Output Knowledge Created

The message [msg 1654] itself does not produce results—it dispatches the investigation. The output knowledge is created by the subagent tasks that run to completion. The task results (visible in the conversation data) reveal:

From Task 1 (CuSVC exploration): A comprehensive analysis of the CuSVC codebase, including its location (/home/theuser/cusvc), language (Go 1.24.7), and its relationship to the curio repo. The subagent traced how CuSVC generates challenges and produces C1 output.

From Task 2 (client upload code): The critical finding that there is no "challenge seed" concept anywhere in the proofshare client upload code. The only "challenge" + "seed" combination appears in the unrelated PDP (Provable Data Possession) task. This definitively ruled out the seed-based intermittency hypothesis. The subagent also confirmed that the proofshare client upload flow is not a challenge-response system—it is a straightforward upload of pre-computed C1 output.

These results, while valuable, did not immediately identify the root cause. They further narrowed the search space by eliminating another hypothesis. The investigation would continue with additional diagnostic measures: extending the 2KiB roundtrip test to cover the full CuZK wrapper and FFI C2 verification path, and adding comprehensive diagnostic logging to computePoRep in task_prove.go.

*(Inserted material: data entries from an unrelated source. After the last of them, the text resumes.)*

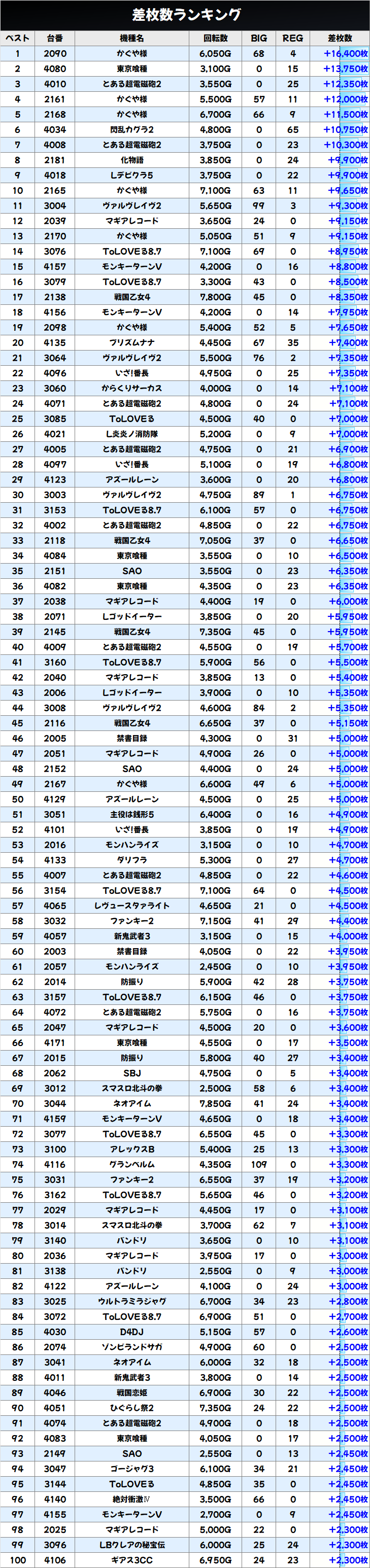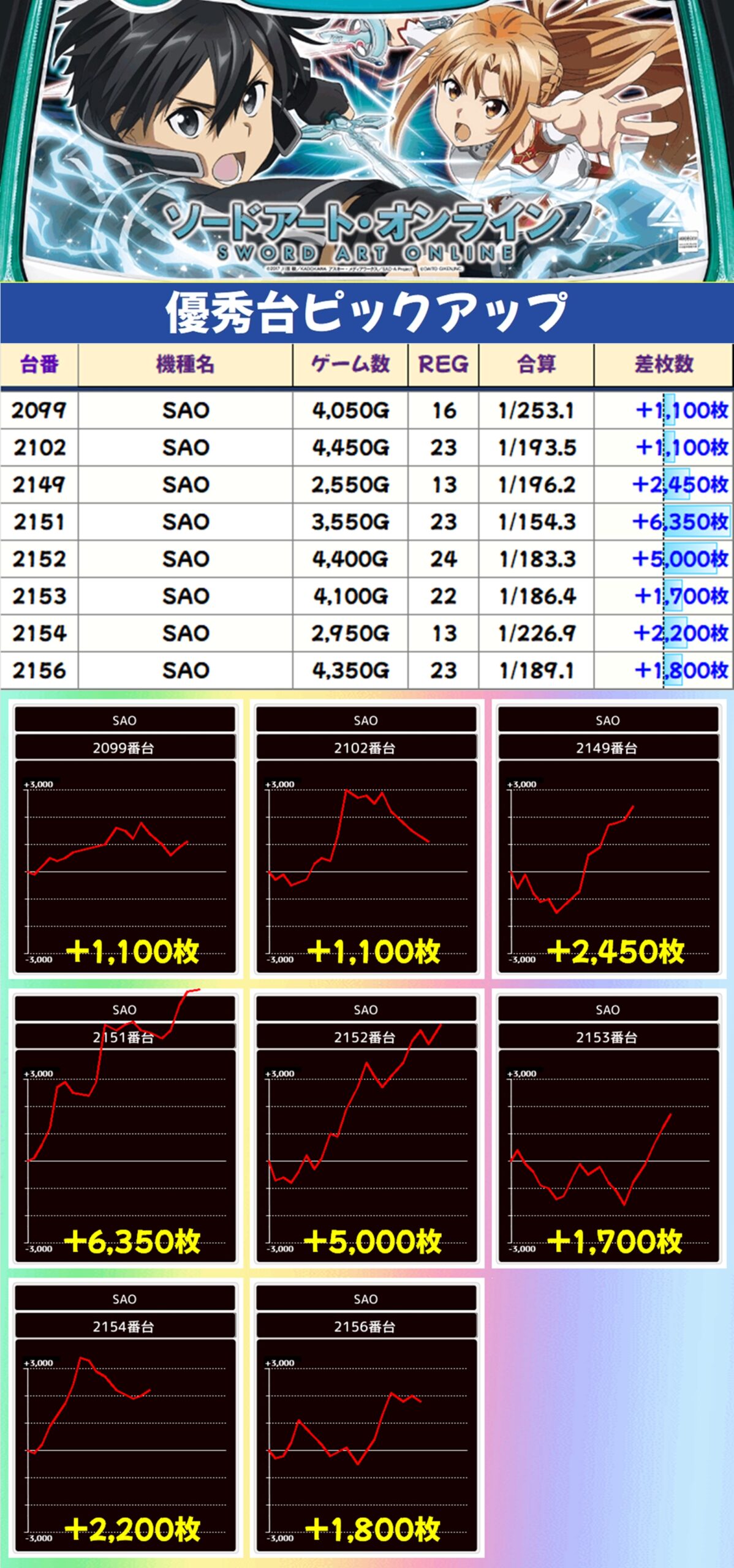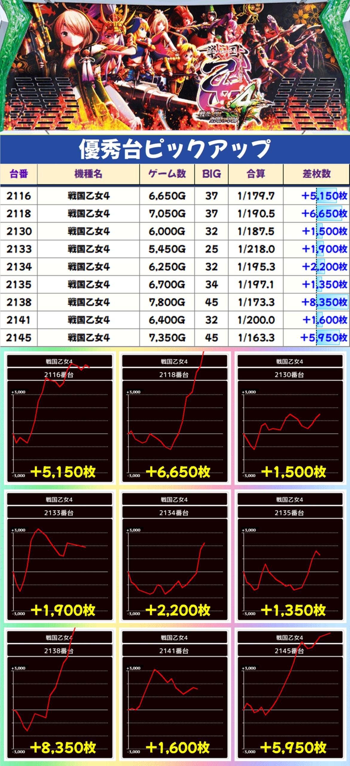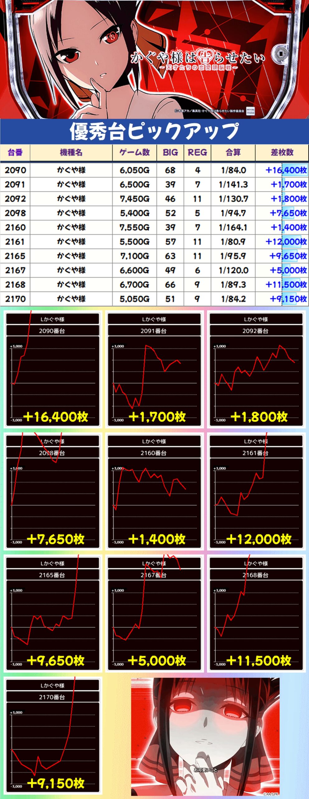 アキバの神3、かぐや様、戦国乙女4、SAOからも優秀な出玉が多数アリ!特にかぐや様からは+16400枚、+12000枚、+11500枚と万枚オーバーの爆裂が3台も出現しました。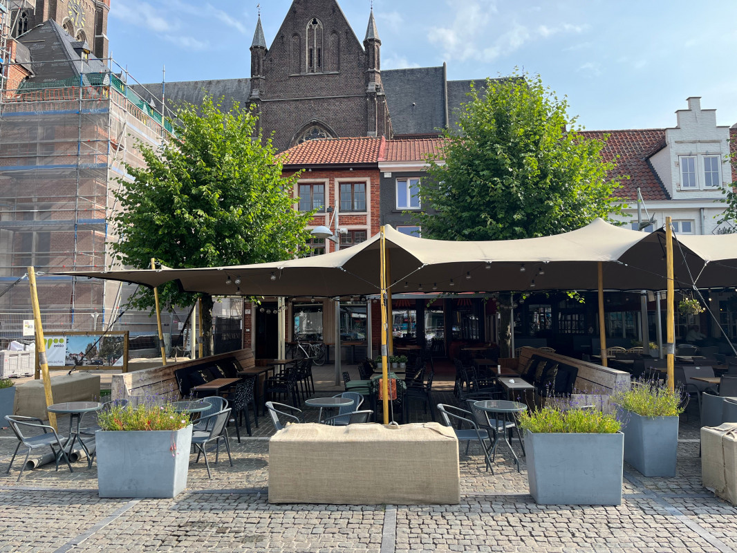 Praatcafé/nachtcafé met ruim terras op de markt van Eeklo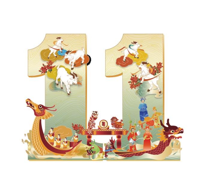 传说深入人心,文化底蕴深厚,领秀设计团队巧妙地将这一主题与广州的“穗城”之名、广州市花“木棉花”等元素结合,打造出独具特色的十一号线文化图腾。

The Thinking Process Visible in the Message

The message reveals the assistant's reasoning process through its structure:

  1. Responsiveness to user input: The assistant immediately pivots to the user's suggestion without resistance. The phrase "Good lead" (from the preceding message [msg 1653]) and the rapid dispatch of two subagent tasks show a collaborative debugging style where user insights are treated as high-priority leads.
  2. Systematic hypothesis testing: The assistant doesn't just explore CuSVC casually—it designs two complementary investigations that together can either confirm or rule out the CuSVC hypothesis. Task 1 examines the server side (what CuSVC produces), Task 2 examines the client side (what the miner uploads). This is classic scientific method: design experiments that can falsify the hypothesis.
  3. Parallel exploration for efficiency: By dispatching both tasks in the same round, the assistant maximizes the use of the subagent system's parallel execution capability. This reflects an awareness of the tool's affordances and a desire to minimize latency in the investigation.
  4. Attention to the intermittent nature of the bug: The specific focus on "challenge seed" in Task 2 shows that the assistant is thinking about what could cause an intermittent failure (as opposed to a consistent one). A seed that varies per challenge could explain why some proofs fail and others succeed.
  5. Integration with prior knowledge: The assistant's prompts reference the detailed findings from earlier investigations (enum mappings, struct comparisons, data flow analysis), showing that the CuSVC exploration is being conducted with full awareness of what has already been established.

Conclusion

Message [msg 1654] represents a pivotal moment in a complex debugging session—the point where the investigation pivots from eliminating obvious candidates (enum mappings, struct fields) to exploring more subtle possibilities (serialization differences in the challenge generation pipeline). The assistant's response to the user's CuSVC hint demonstrates a methodical, hypothesis-driven approach to debugging: formulate a plausible hypothesis, design experiments that can test it, dispatch those experiments efficiently, and integrate the results into the evolving understanding of the system.

While the CuSVC investigation would ultimately rule out another hypothesis rather than identify the root cause, this narrowing of the search space was essential progress. Each eliminated hypothesis brought the investigation closer to the true source of the bug—which would eventually be identified through the diagnostic logging and extended roundtrip tests that followed. The message exemplifies the collaborative, iterative nature of deep technical debugging, where user expertise and systematic exploration work in tandem to trace a bug through layers of distributed systems, serialization formats, and cryptographic proving pipelines.